The pressure altimeter is not going to be 100% reliable, however you would hope and think, that everybody could check first that it is set on the correct setting given by ATC, and not an own invented QNH based on apron elevation. Although this might be a more accurate QNH, is this the way your instructor have thought you, that you disregard ATC's/ATIS information, because you yourself think there is another and better way?

Where will you put the limit? If the QNH is 3mb of limits, but showing correct apron elevation, what would you use?

All make mistakes, however some mistakes are set out in the syllabus as being more serious than others.

I do not for the life of me, see any valid good reason for somebody to set the incorrect QNH with regards to your explanation here.
Why would you while on the ground, not have TIME to make sure your QNH is set correctly, but you will check it when airborne and adjust it??

What you says makes complete nonsense, there is no excuse for making this mistake, before take off the QNH is crosschecked several times, and NO it has NEVER happen to me, that I had incorrect QNH before take off.

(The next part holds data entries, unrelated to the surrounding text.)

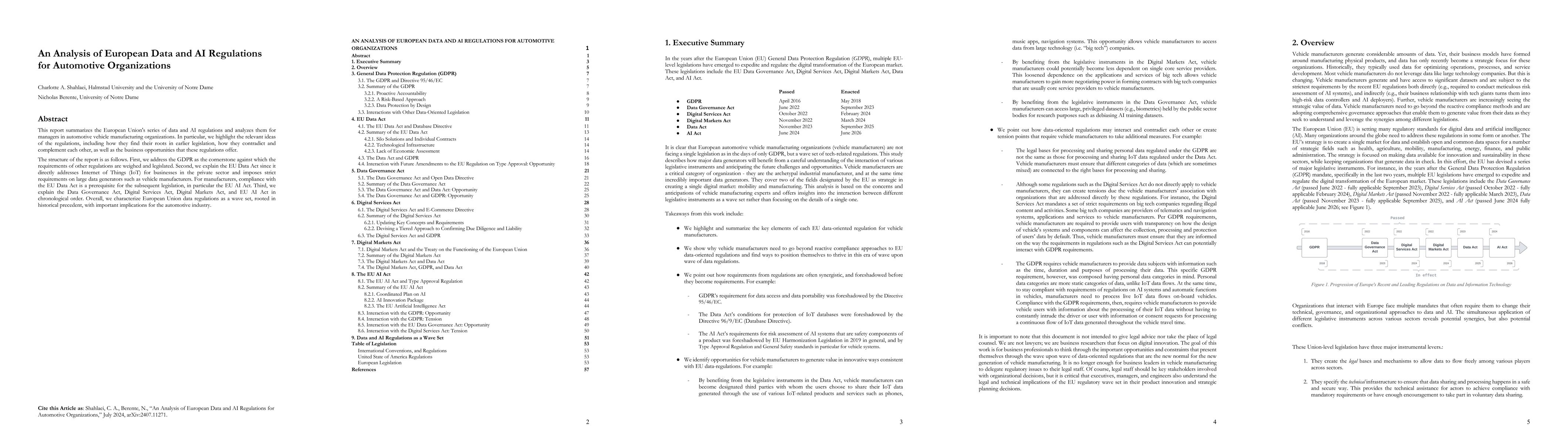 This report analyzes European Union regulations on data and AI, focusing on their implications for automotive manufacturers. It highlights the GDPR as a foundational regulation, discusses the EU Data Act's strict requirements for large data generators, and outlines subsequent acts like the EU AI Act, emphasizing their business opportunities and compliance necessities.
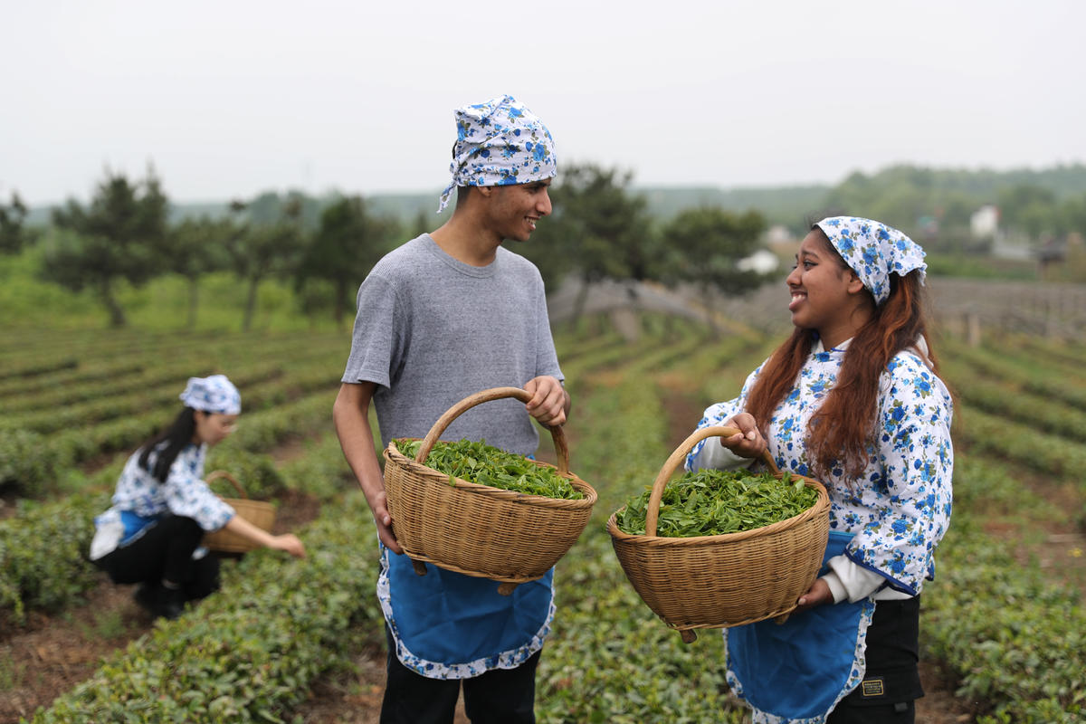 International Students from Peru and Burundi are learning how to pick new tea from tea farmers. Photo by Zhang Jingang
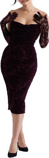 Feel supported in this strapless dress featuring velvety blooms on stretchy mesh and a built-in corset with matching gloves, boning and a powermesh lining.

QNH checked, altimeters within limits of each other if multiple altimeters, within limits of field elevation, situation over.
Listen to other traffic on radio during take off prep and taxi, and if any changes to QNH, I would change them automatically, without ATC needing to tell me, if in doubt, give them a quick call!

We all do mistakes from time to time, I fully agree, but this example you mention is not a good one!

When flying SEP, VFR you should normally do FREDA checks every 15 minutes, flying around on the wrong QNH just shows laziness or sloppiness in performance!

Your way of thinking on this matter is not logical from what your instructor should have thought you!